WASHINGTON — With their latest imaging satellites fully operational and sending back reams of data, DigitalGlobe and GeoEye are focused on expanding their customer bases and using the Internet to push their products to users more quickly and efficiently.
Both DigitalGlobe of Longmont, Colo., and GeoEye of Dulles, Va., are now delivering high-quality satellite imagery over the Internet to their primary U.S. government customer, the National Geospatial-Intelligence Agency (NGA). The firms announced in June 2009 they had been put under contract for the agency’s Rapid Delivery of Online Geospatial-Intelligence, or RDOG, program.
The companies’ RDOG contracts have expired but the agency is in the process of renewing them, NGA spokeswoman Sue Meisner said in a May 21 e-mail response to questions.
DigitalGlobe has been offering its imagery over the Internet since 2007, when it acquired online mapping firm GlobeXplorer of Walnut Creek, Calif., Walter Scott, DigitalGlobe’s founder and chief technical officer, said in a May 20 interview. DigitalGlobe launched the WorldView-2 satellite in October 2009, which joined the Quickbird and WorldView-1 satellites on orbit. The firm now has more than 1 billion square kilometers of imagery in its archive.
Under the RDOG program, DigitalGlobe is delivering unclassified imagery of specified areas to U.S. government users anywhere in the world within 24 hours of collection, the company said last year. It is also tasked with providing sets of nearly cloud-free images of entire countries updated on a quarterly basis.
GeoEye’s initial RDOG contract required the company to produce and deliver a high-resolution digital imagery set of an unspecified country. After receiving a contract modification in February, the company went live with its first foray into online imagery dissemination to government users April 1, according to a May 10 GeoEye filing with the U.S. Securities and Exchange Commission.

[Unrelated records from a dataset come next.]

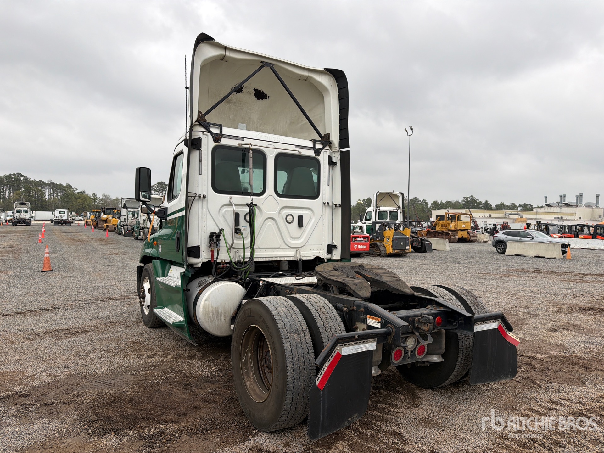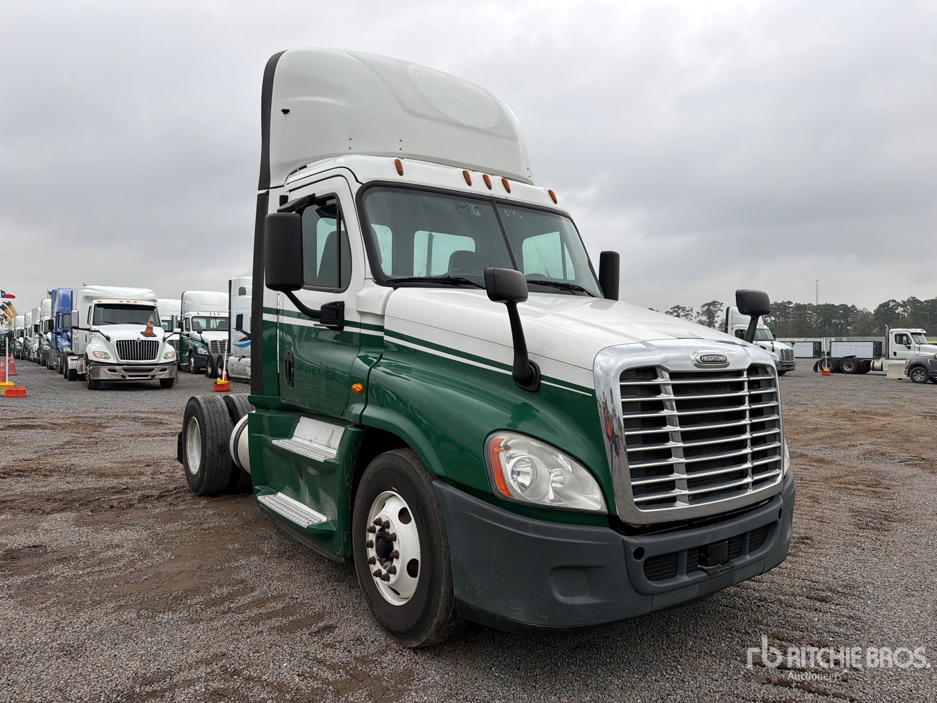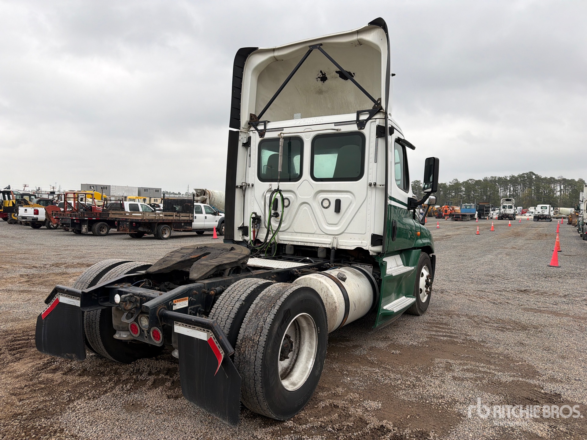 Situé sur la voie 32, emplacement 30, moteur Detroit DD15 de 505 ch, homologué EPA 2017, 1526,9 heures de fonctionnement, essieu avant de 12 000 lb, essieu arrière de 21 000 lb, PTAC de 33 000 lb, empattement de 158 pouces, suspension pneumatique, pneus avant 11R22.5, pneus arrière 11R22.5, double réservoir de carburant.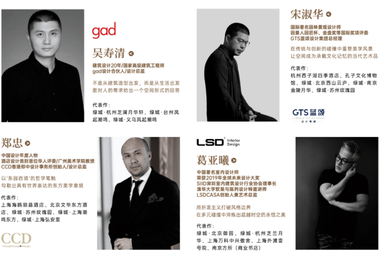 项目邀请全球大师团队联袂执笔:gad设计合伙人吴寿清负责建筑整体规划、GTS蓝颂总经理宋淑华主持景观设计、CCD郑忠担纲室内精装、LSD葛亚曦完成软装与美学把控。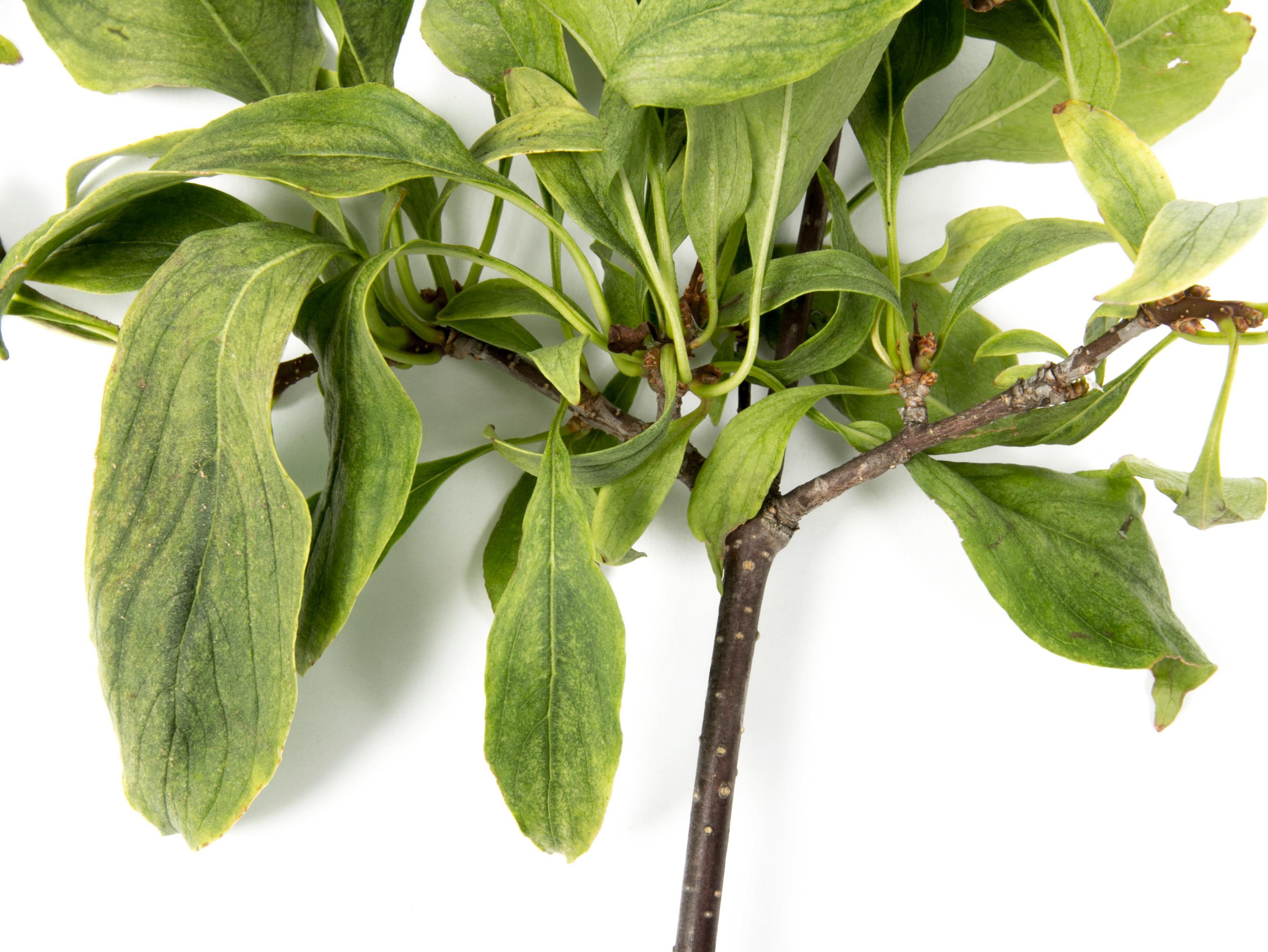 Description: Les feuilles médianes et terminales d’un lilas japonais sont rabougries et déformées. Un jaunissement internervaire et à la marge du limbe débute. Environ 50% des arbres de l’aménagement paysager sont flétris et démontrent une faible croissance. Les symptômes observés sont attribuables à la présence de glyphosate dans les tissus. Un dosage chimique a révélé la présence de l’herbicide à une concentration suffisamment élevée pour causer les symptômes observés. Les symptômes sont apparus graduellement, suite à la pulvérisation au sol de l’herbicide, à proximité des arbres en croissance.

GeoEye’s RDOG work will enable the company to begin offering a similar Web-based services platform, dubbed EyeQ, to commercial customers later this year, the filing said. Rather than selling imagery by the square kilometer, GeoEye will offer the service with multiyear subscriptions and user licenses, the company said. The commercial Web-based offering will target users in the oil and gas, mining, engineering, construction and public safety industries.
GeoEye spokesman Mark Brender declined to make company officials available for an interview. GeoEye launched its newest and most capable satellite, GeoEye-1, in September 2008.
In addition to satellite imagery, DigitalGlobe’s government and commercial customers are able to access aerial imagery over the Internet, Scott said. DigitalGlobe in October announced a partnership with Microsoft to collect 30-centimeter aerial imagery of the entire United States and Western Europe. This is significant because of the restrictions placed on the commercial sale of satellite imagery, he said. DigitalGlobe can collect satellite imagery with ground resolutions as sharp as 46 centimeters — meaning objects of that size or larger can be distinguished — but the U.S. government bars commercial sales of imagery sharper than 50 centimeters in resolution. There are no such restrictions on aerial imagery.
Since the GlobeXplorer acquisition, DigitalGlobe has been steadily upgrading its online services offering. The company is in the process of making “a large fraction of the surface of the planet” available over the Web, and has focused on complying with many of the common standards used with geospatial software tools, Scott said. As new images are collected and uploaded to the online library, previous images of the same locations are kept intact so that users can do temporal analysis — which focuses on changes over time — as well as spatial analysis, he said.
Meanwhile, in response to customer demands for more-current imagery, DigitalGlobe recently established a European node where data can be prestaged and distributed to users more quickly. This enables some users to receive imagery just seconds after it is uploaded into the online database, Scott said.
DigitalGlobe’s Web services offering shows the effectiveness and efficiency of the company’s hybrid government-commercial business model, Scott said.
“It’s kind of like climbing up a ladder,” he said. “You put one foot on top of the other, and then you move up to the next rung. What ends up happening is you have commercial capabilities that then lead to government capabilities and then turn around and lead back to commercial capabilities.
“One of the things we find very powerful about our business is because we have a diverse customer base, one customer is often able to benefit from what we have done to support another group of customers. It’s far more powerful than where you’ve got only one kind of customer.”